Studio executive: "Stop right there, where do I sign!?"

It helps to know this is actually the executive's 7 year old son sitting in the office of his father, who's caught in a meeting. But details aren't important.

And there might as well be the motto of "Olympus Has Fallen": Details aren't important. For here is a movie that seems to have been assembled from yard sales of better movies. Explosions? Check. Troubled hero seeking redemption? Check. Shots of men leaning over tables, mouth agape, as they watch startling footage on televisions? Check. Actual friggin countdown clock for some kind of bomb? Double check.

"Olympus Has Fallen" isn't a challenging movie. It isn't a profound movie. It isn't a groundbreaking movie. But it is, by all technical definition, a "movie." As such, the most elemental question one must ask when the lights come back up is, "Am I unhappy with how I spent these two hours?"

Although the answer might only be about 75% , that's high enough for a passing grade if we're using college scales. Director Antoine Fuqua and crew seem to interpret the word "stupid" as a personal challenge, but so cheerfully and so gleefully! I can't remember the last time I saw something so thoroughly wrong-headed while at the same time caring so little. The whole thing is such a delirious assault of stuff that if you concede defeat and go along for the ride, it works, in an admirably goofy way.

With the ulterior motive of supplying future film classes with a scavenger hunt for cliches, "Olympus Has Fallen" concerns Mike Banning (Gerard Butler, perpetually posing for the movie poster), former Secret Service agent who regrettably allowed the First Lady to perish in a car accident while trying to save the president (Aaron Eckhart). Now he works a desk job in the treasury department, but when North Korean baddies invade the White House and hold the president hostage, only one man can save them all! One man that North Korea didn't count on! It's only exclamation points from here on out!

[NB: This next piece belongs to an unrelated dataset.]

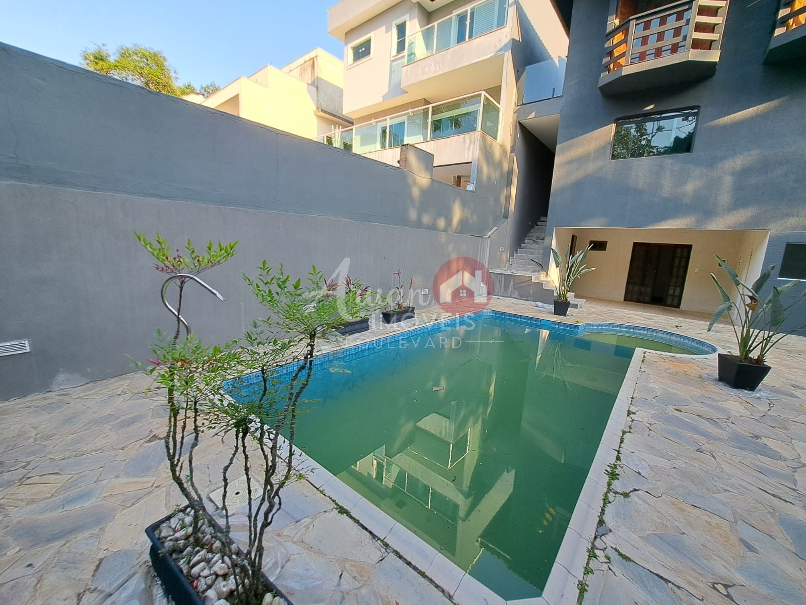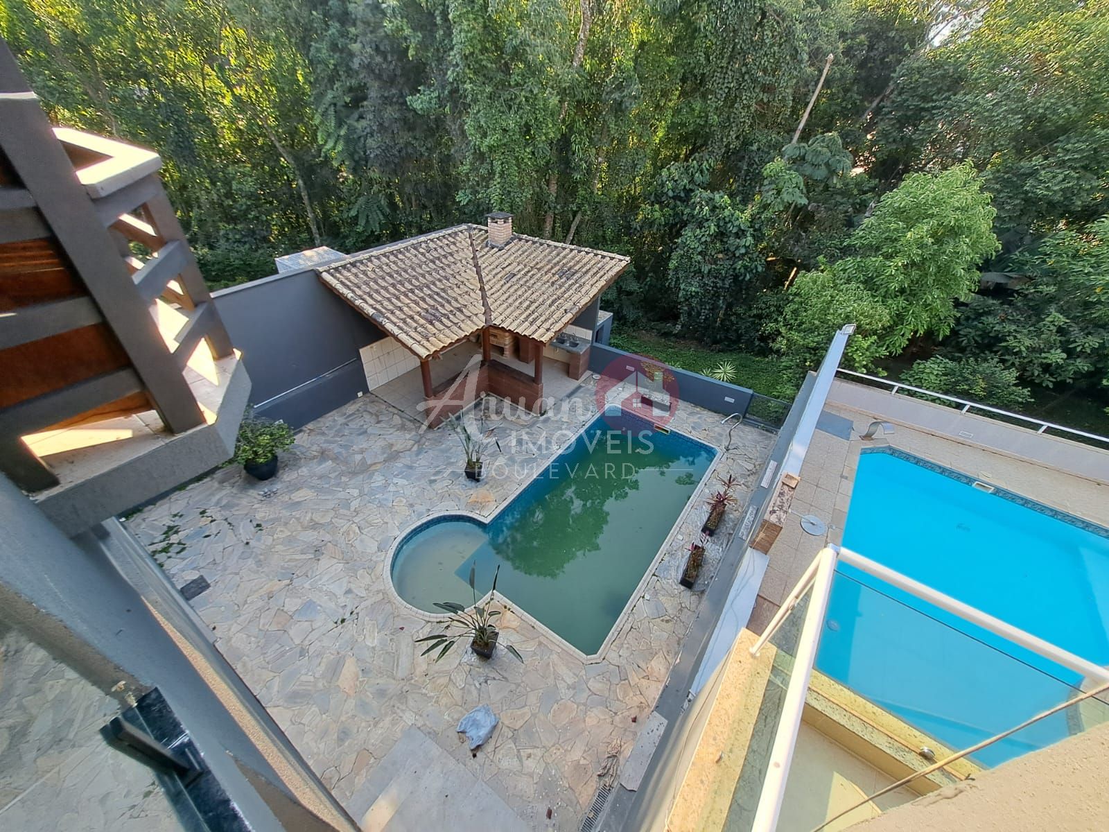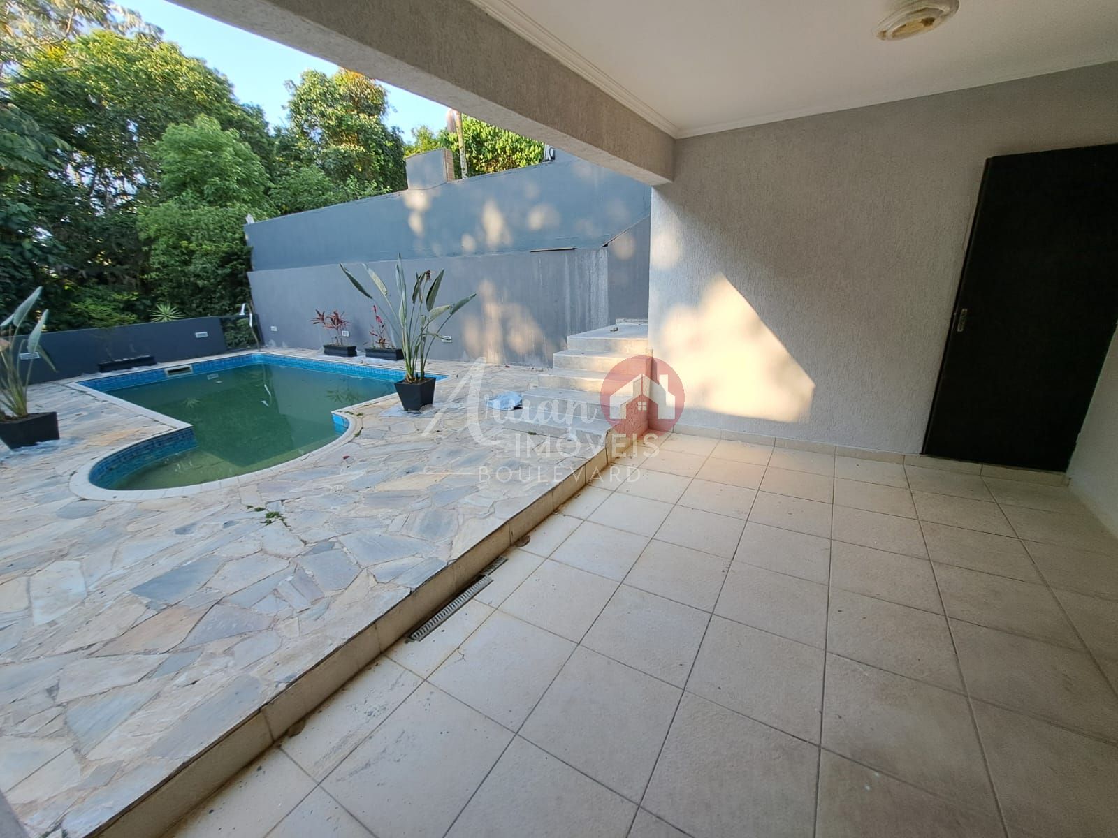 Piscina com uma área de lazer ampla

For a movie that devotes its entire first reel developing that tragic back story for Butler, Fuqua and screenwriters Creighton Rothenberger and Katrin Benedikt don't seem to give one cheery damn about it once the mayhem kicks in. Tacked on in a half-assed attempt to give the story emotional heft, it's not only steamrolled over for the sake of action, it's entirely forgotten.

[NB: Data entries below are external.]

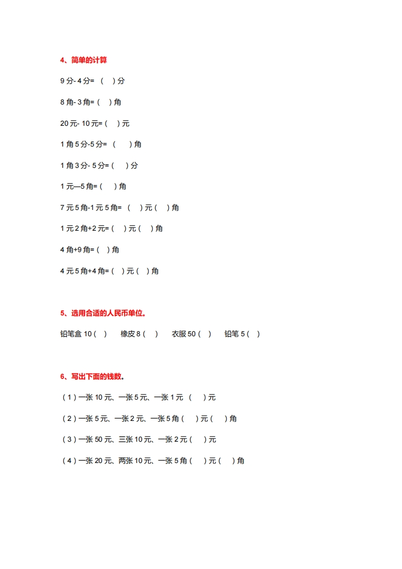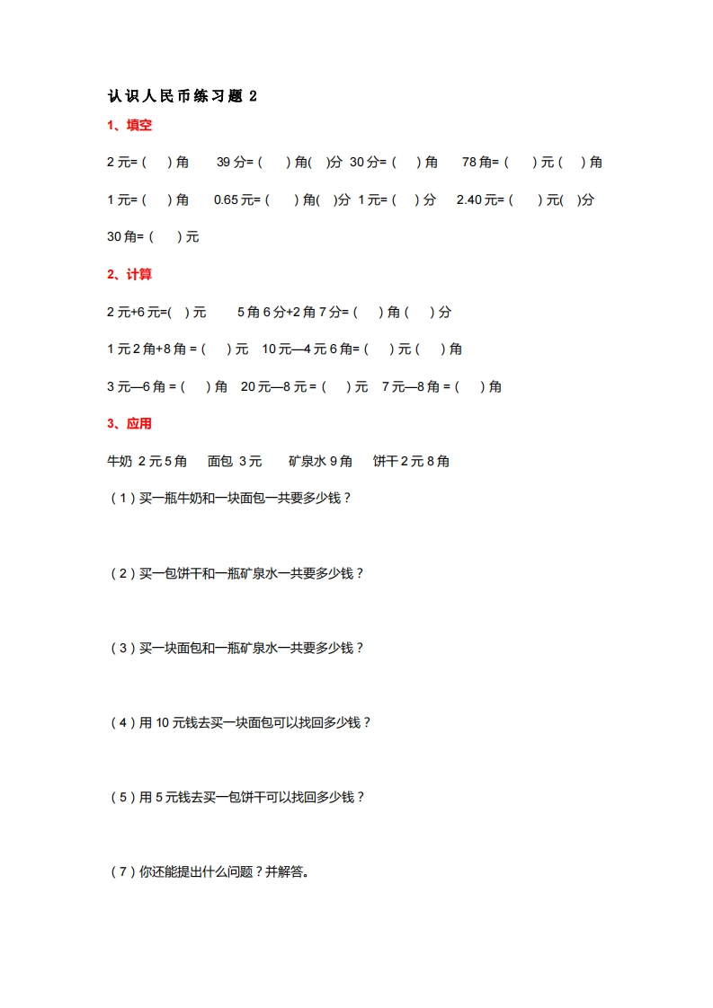 认识人民币练习题11、填空。(1)人民币的单位有()、()、()。(2)一张2角可以换()张1角。(3)一张5角可以换()张1角,还可以换()张2角和()张1角。(4)10元可以换()1元,可以换()2元,可以换()张5元。2、各种人民币的认识86.00元()元()角15.90元=()元()角0.05元=()分12.50元()元()角0.25元()角()分1.50元=()元()角54.32元=()元()角()分100.55元()元()角()分3、元角分单位的换算1元()角3元4角=()角4元5角()角1角=()分3角5分=()分84角=()元()角47角=()分5元6角=()角
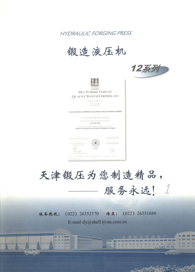 天津市锻压机床总厂是我国起步最早的企业,现有固定资产2.4亿元各类专业技术人员480人,是机械部大型骨干企业。自我厂自行设计国内第一台液压机,开创了我国中小型液压机生产历史以来,目前拥有26个系列,300余品种,产品从80KN至5000KN,以形成年产1200台各类液压机的生产能力,居国内同行业之首。1983年YT32-315四柱液压机获国家银牌,1990年YT32-630/1030双动力拉伸液压机一举荣获同行业唯一的国家金奖另有部优产品3项,市优产品5项。产品广泛适用于汽车制造、粉末冶金、金属冷挤、轻工家电、化工机戒、航空航天、模具磨料、机戒制造等行业,被国家指定为替代进口产品,行销全国,产品出口到日本、荷兰、东南亚等20多个地区和国家、市场占有率居全国同行业第一。
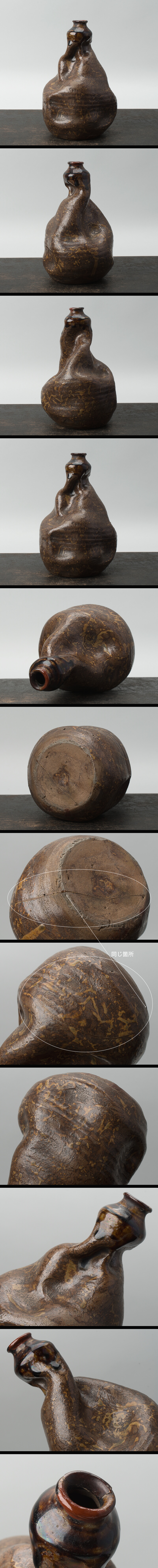 | 志戸呂焼の徳利。江戸時代。箱無。 サイズは、幅約10-10.5cm、高さ約16cm。 くちに直しがあります。 底から胴の下部にかけてヒビの直しがあります。 状態、詳細は画像でご確認ください。 |

This isn't meant to criticize. Just to point out that the movie has one overarching, adamant goal: watch people kill each other real good. Sure, one could criticize the confusing goal of North Korea to launch some secret American missile system that plays like a nuclear MacGuffin. Or the laughably expository dialogue where characters repeat each other's names and job titles and dramatic purposes in case we forgot. Or the inconsistent ease with which Butler evades the bad guys, then runs into them again when the movie decides it's time for a fight scene.

Want to tackle the movie from that angle? I can't in good conscience argue. Keep fighting the good fight. But we're dealing with a movie whose bottom line is the body count, and sweet Lord, what a body count it has! Characters knifed in the head. Helicopters crashing over the West Wing. Fields of faceless citizens mowed right down with machine gun turrets. 

If the guys at Pixar animated a snuff film in their spare time, this movie no doubt puts their CG blood level to shame. 

"Olympus Has Fallen" coulda used more zest in its screenplay, more spark in its stupidity (although using a Lincoln bust to crush someone's skull was a nice touch). And it uncomfortably straddles the middle ground at times, not sure whether to embrace Roland Emmerich disaster iconography or "so bad it's good" midnight movie cheese.

This is still the stuff from which goofy smiles are born. Watch it in a packed house where sarcastic comments flung at the screen are encouraged. Watch it when it debuts on Starz in three months. Or don't watch it at all. Whatever. "Olympus Has Fallen" has no reason to exist, but I don't deride its existence.

All it lacks is a post-credits shot of a lone White House janitor shoving all the corpses in a pile with a push broom.